Con la esperanza de poner más distancia entre ella y las criaturas que la perseguían, Kateri pegó la espalda a la fría pared de piedra y dio otro paso para alejarse de la entrada al túnel.

Alguien chasqueó la lengua junto a su oído.

—¿Adónde vas, bocadito? No estarás pensando en abandonarnos tan pronto, ¿verdad?

Una garra huesuda se le clavó en el hombro, hiriéndola con saña. El dolor hizo que lo viera todo borroso. A diferencia de lo que sucedía con el resto de las criaturas que habitaba la cueva, a esa en concreto la conocía. Era un Espíritu del Cuervo.

De repente, se escuchó una voz ronca y estentórea que habló en una lengua desconocida para ella.

Sin embargo, el Espíritu del Cuervo la conocía. Kateri lo supo porque lo sintió contener el aire, furioso. Cuando la soltó, se abalanzó sobre el dueño de la voz y dejó escapar tal graznido que temió que le estallaran los tímpanos.

En cuanto golpeó a su enemigo, un resplandor anaranjado inundó el estrecho pasadizo. Un resplandor que procedía de la piel de ese hombre.

Kateri quiso huir mientras luchaban, pero fue incapaz. Se sentía tan petrificada como lo había estado Enrique en el laboratorio. Con el cuerpo en tensión, los observó atentamente, rezando para que el recién llegado fuera su amigo y no otro enemigo.

Ya había superado el cupo de enemigos y ni siquiera era mediodía…

Mientras observaba la pelea, su mirada abandonó al retorcido y espantoso Espíritu del Cuervo y se posó en el otro hombre.
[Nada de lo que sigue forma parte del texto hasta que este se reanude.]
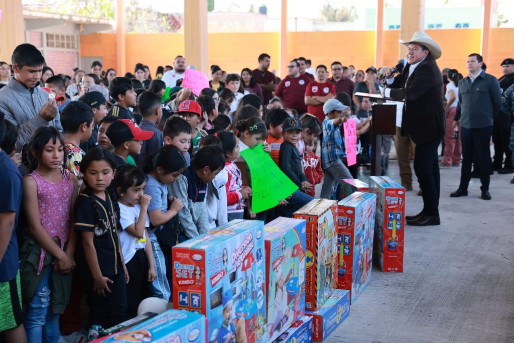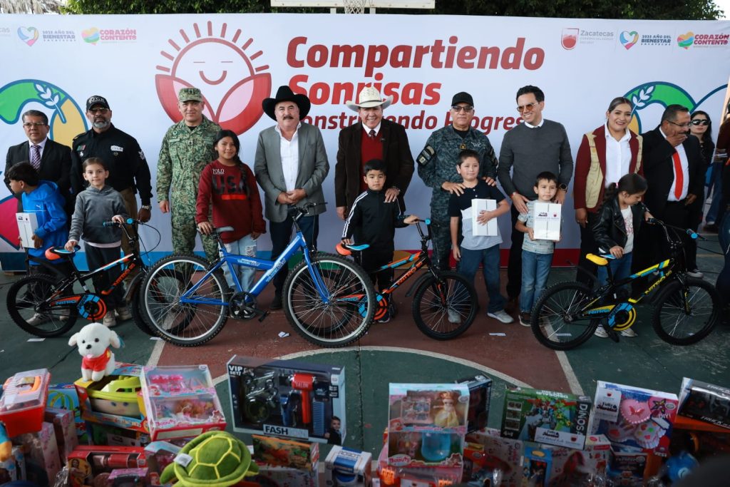Nochistlán de Mejía, Zac.- Con el compromiso de construir un estado más pacífico desde las bases de la educación y la convivencia infantil, el Gobernador David Monreal Ávila encabezó el arranque del programa “Compartiendo Sonrisas, Construyendo Progreso”, una estrategia impulsada a través de la Mesa de Construcción de Paz en Zacatecas, que promueve valores, unión y cultura de paz mediante la entrega de juguetes no bélicos a niñas y niños del estado.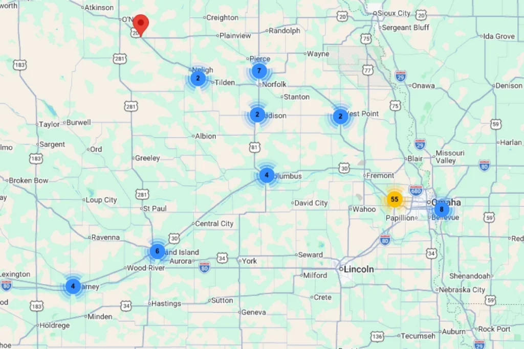 Together, these locations allow advertisers to reach both local consumers and regional travelers, creating strong brand exposure across Nebraska.

Iba vestido de negro de la cabeza a los pies y superaba en tamaño a su oponente. El resplandor que brotaba de su piel le impedía distinguir sus rasgos con claridad, pero sí vio que llevaba el pelo suelto. Tenía una larga melena negra que le llegaba a la mitad de la espalda. En ese momento se giró y esquivó el ataque de su rival con una agilidad y una elegancia que le recordaron a un bailarín.

El Espíritu del Cuervo intentó rebanarle el cuello.

El hombre retrocedió con elegancia y rapidez.

Aunque no acabó con el cuello rebanado, perdió el collar de hueso y turquesas que llevaba en torno a él. Y que salió volando y aterrizó a los pies de Kateri.

Lo recogió y se quedó helada cuando sus ojos distinguieron el grabado de un Pájaro de Trueno en el medallón de plata.

«Desde el este el Pájaro de Trueno volará hacia las tierras de la muerte. Cuídate del Pájaro de Trueno, niña. Porque, a su paso, todo morirá. Nadie puede derrotarlo. Ni siquiera tú».

Apenas había recordado las palabras de su abuela cuando el guerrero le asestó un puñetazo al Espíritu del Cuervo, que acabó estallando en brillantes llamaradas.

Después se volvió hacia ella.

En ese instante el corazón de Kateri se detuvo, porque entonces vio su cuerpo al completo. Sus ojos eran tan negros como su pelo y su ropa. Los rasgos de su rostro parecían esculpidos a la perfección, y lucían la expresión de un guerrero implacable más acostumbrado a sesgar vidas que a salvarlas.

Cuando esa mirada fría y oscura se posó en ella, sintió que la muerte le acariciaba la mejilla.

«Para toda la eternidad…».

Era el hombre que siempre la mataba en sus sueños.